Спустя минуту, Степаныч начал чувствовать, как сходит с ума. Помутнение продолжалось до тех пор, пока всё не улеглось. Вот только опасность никуда не миновала. После короткого затишья, вокруг дома что-то начало передвигаться размеренной ходой и негромко рычать. Старик уже было намерился выйти наружу, но мнимая смелость не позволила ему даже привстать. Руки тряслись, как перед смертью. Сердце щемило, препятствуя телу в каких-либо движениях. Страх сделал своё дело, он сковал хозяина невидимыми кандалами по рукам и ногам.
Не придумав ничего лучшего, старик стал на колени, положил возле себя оружие и, поцеловав крестик пересохшими губами, приступил к молитве. Но мольба к Господу была тихой, чтобы не привлекать лишнего внимания.

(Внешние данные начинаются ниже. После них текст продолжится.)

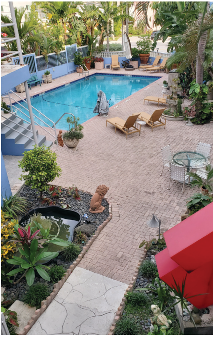
A place to relax by the pool.
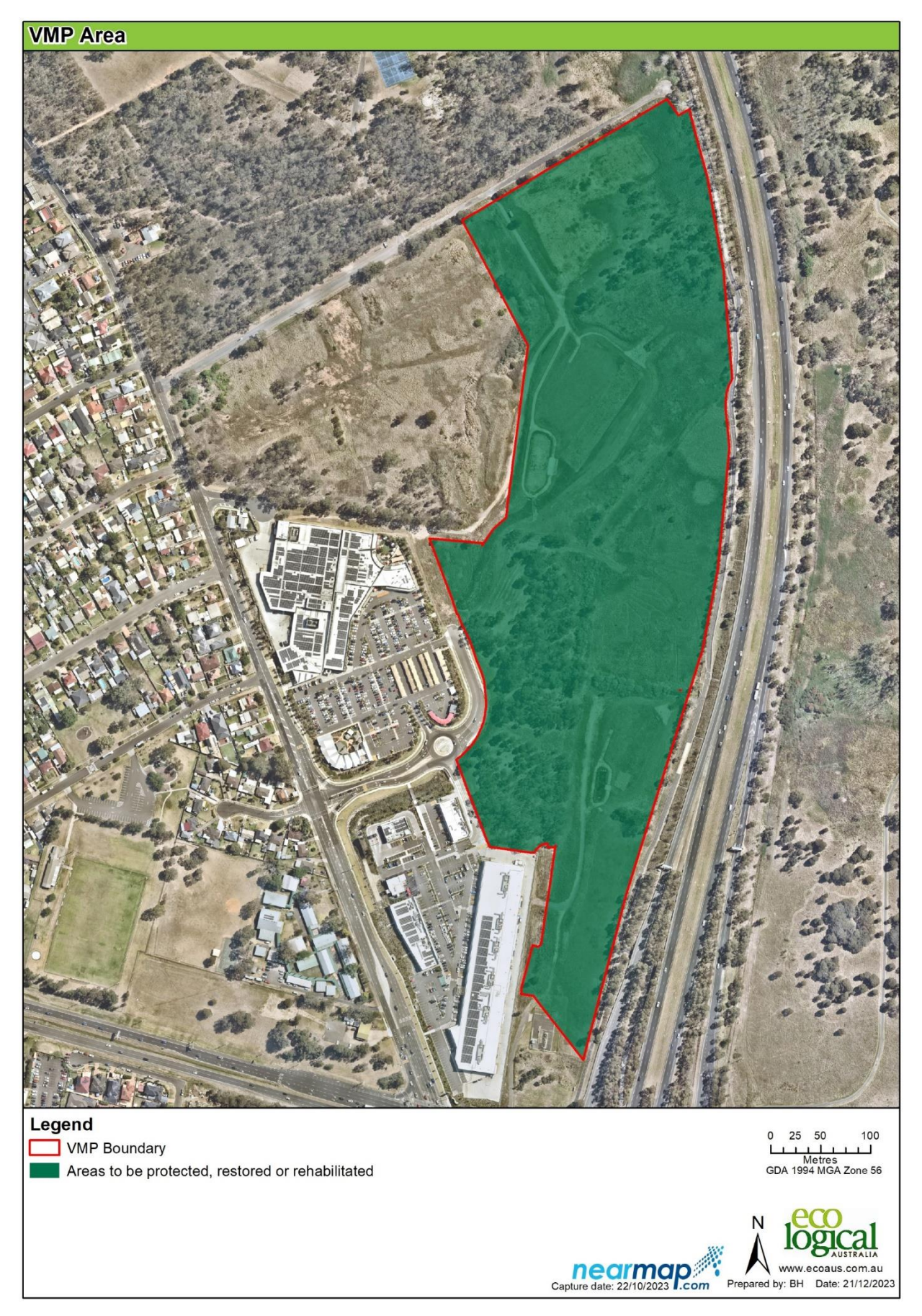
Figure 1: Proposed VMP Area boundary as depicted in Version 9 of the VMP (ELA 2024)
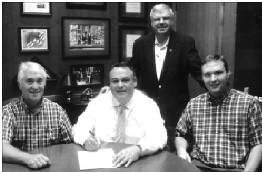
The city of Dyersburg closed a $4.5 million loan to use on various municipal projects.
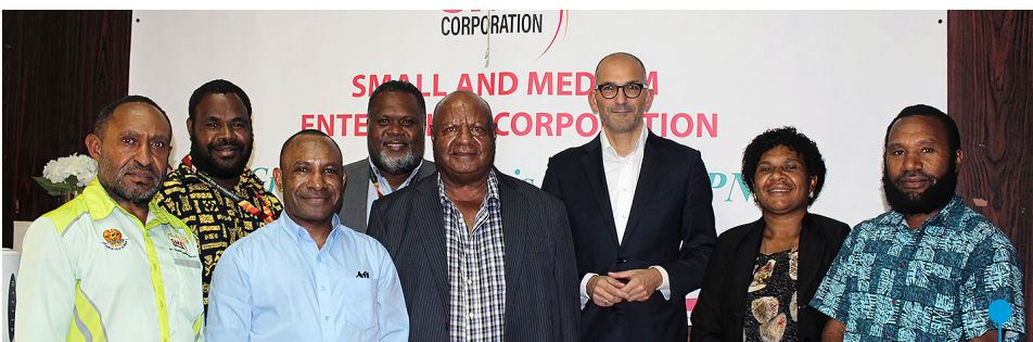
SME Corporation Papua New Guinea becomes part of the Programme

At the micro level, South-South linkages are fostered between ACP producer associations, businesses and member states.
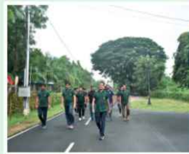
Explore Social Impact and Gandhian Values at Anandwan and Sewagram

Spreading Light Together at NADP! we brought smiles to the faces of the residents at Panchavati Vridhasram with sweets, dry fruits, and firecrackers.
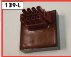
139-L Substitutional Board #PO.019548
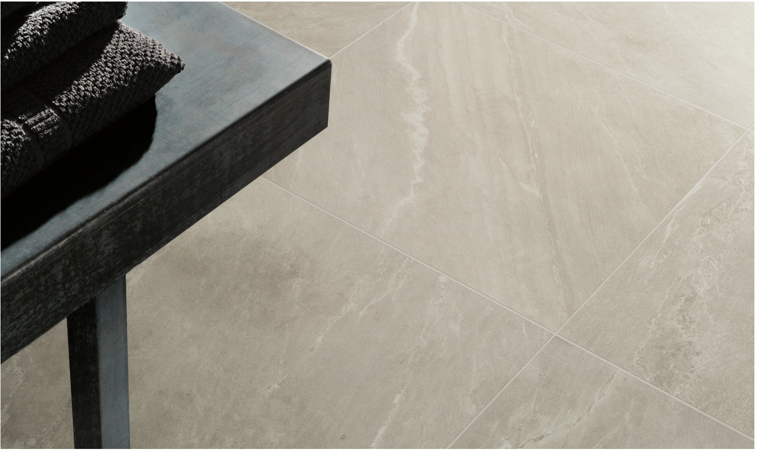
CORDA (Off White)

Некоторое тревожное время спустя послышался звук разбитого окна и отчаянное ржание лошади. Затем прогремело два резких удара. Копыта животного гарцевали на месте, будто от чего-то отбиваясь. По цоканью стало ясно, что лошадь отвязалась, выбежала со двора и направилась в неизвестном направлении. Она в буквальном смысле пыталась убежать от смерти.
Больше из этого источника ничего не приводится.